Zoran Ilić

Personal information
- Date of birth: 1 September 1969 (age 56)
- Height: 1.77 m (5 ft 10 in)
- Position: Striker

Youth career
- Pagewood Botany FC
- Sydney City
- St George

Senior career*
- Years: Team / Apps / (Gls)
- 1987–1991: St George / 95 / (12)
- 1991–1992: Adelaide City / 21 / (0)
- 1993: Canterbury-Marrickville / 5 / (1)
- 1993–1995: Jagodina
- 1995–1997: Canterbury-Marrickville
- 1998: Leichhardt Tigers / 3 / (0)
- 1999–2000: Canterbury-Marrickville / 29 / (8)
- 2000: Stanmore Hawks
- 2004: Hurstville City Minotaurs / 7 / (0)
- 2006: Shoalhaven Suns

International career
- 1989: Australia U20 / 28 / (18)
- 1992: Australia U23 / 11 / (4)

Managerial career
- 2001–2002: Canterbury Marrickville U19
- 2002–2003: St George U19
- 2004–2005: St George U19

= Zoran Ilic =

Soccer player (born 1969)

Zoran Ilic (born 1 September 1969) is a former soccer manager and National Soccer League player. Ilic played as a forward in Australia and Serbia making his professional National Soccer League debut at 17 years of age and representing Australia at youth and senior level. Born in Serbia, he represented Australia at youth level.

==Club career==
In Australia Ilic played as an attacking forward with St George where he won the 1987 National Soccer League Grand Final and was awarded the 1987 National Soccer League Player of the year. In the 1987 National Soccer League Youth League Ilic finished with 27 goals from 20 games and was awarded the National Soccer League Youth League Golden Boot and St George Youth League Player of the year. As a member of the 1991–92 Adelaide City National Soccer League team Ilic won the domestic double winning the 1991–92 National Soccer League title and National Soccer League Cup. Between 1993 and 1995 Ilic had a spell with FK Jagodina in FR Yugoslavia.
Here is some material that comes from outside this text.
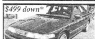
$499 down* Crown Vic, All Power Equip, Nice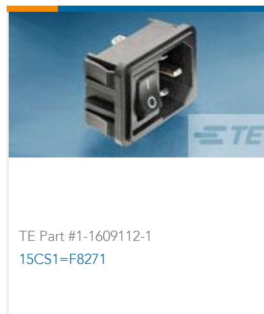
TE Part #1-1609112-1 15CS1=F8271

Ilic continued his playing career for close to a decade in the National Premier Leagues NSW predominantly with Canterbury-Marrickville until his retirement in 2006.

==International career==
Ilic represented Australia at Australia under-20 national team level and won the Golden Boot award at the 1988 OFC U-20 Championship in Fiji. He also played for the Australia U20 at the qualifiers for the 1989 FIFA World Youth Championship. Ilic represented the Australia U23 in the qualifiers for the 1992 Summer Olympics. Ilic also represented the Socceroos in a B International versus Czechoslovakia in 1991 scoring two goals for the Green and Gold at Lambert Park.

==Personal life==
Since 1994 Ilic has been married to Lidija Ilic, a former Serbian Youth basketball player with ŽKK Jagodina 2001. They have two sons Stevan and David Ilic.